View on GitHub

AlignMe

Pairwise alignment of membrane protein sequences

Running AlignMe on a Local Download

Jump to section on:

Getting started

To run AlignMe on the command line in a terminal use:

alignme

To get an overview of available options, see overview, or call:

./alignme -help

The program reads a variety of flags that are explained in this manual, and that can be provided in any order. Flgas start with the ‘-‘ symbol and expect a filename or a value to follow. There are required flags that have no default values defined and that will cause error messages when missing. The optional flags have default values, and these are printed as warnings when the flag is not given. (Look at the examples section for more information about warnings.)


Required inputs

There are three required inputs for every AlignMe calculation: 1) the first sequence or profile 2) the second sequence or profile 3) a file containing the similarity metrics to be used, or “similarity score file”
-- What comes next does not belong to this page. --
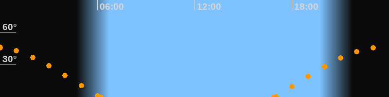 Höchster Stand (Kulmination)23:31 Uhr (h = 46.4°)
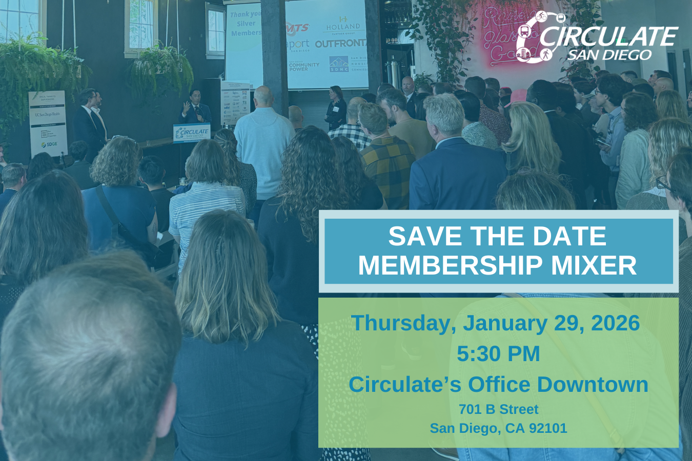Where: Circulate’s Office at B-Side Lounge (701 B Street, San Diego, CA 92101)

These inputs can be combined to run AlignMe in a number of different modes. General information about the required inputs is given below. Specific examples of various standard alignment types are provided here:

  1. Pair-wise Sequence-to-sequence. These are the most common.
  2. Alignment of two Multiple Sequence Alignments
  3. Pair-wise profile-to-profile alignments

Sequence or profile inputs

To parse the sequence inputs, one of the following two pairs of flags has to be provided:

-fasta_file1 <filename1> -fasta_file2 <filename2>
or
-msa_file1 <filename1> -msa_file2 <filename2>

where fasta_file = filename of the file containing a primary sequence in Fasta format, and
msa_file = filename of multiple-sequence alignment that will be converted to a family-averaged hydropathy profile.

Similarity score file

The so-called “similarity score file” contains information about the similarity metrics that you wish to use to construct your alignment. The file is called from the command line using the following flag:

-similarity_score_file <filename>

The similarity score metrics can be any combination of primary sequence, hydropathy scale, or profiles such as from secondary structure or transmembrane predictions. Each row in the similarity score file must start with a weight, which indicates the influence of the chosen parameter on the alignment. If you are using only one type of similarity measure, then this value should be 1.0. The entry after the option “type:” describes the type of alignment to be created. In the simplest example, for an alignment based on a substitution matrix, the similarity score file would contain this line:

weight: 1.0 type: SequenceSimilarity file: ./examples/matrices/blosum62.mat

Every input line must end with a carriage return/new line, otherwise the entry will not be read.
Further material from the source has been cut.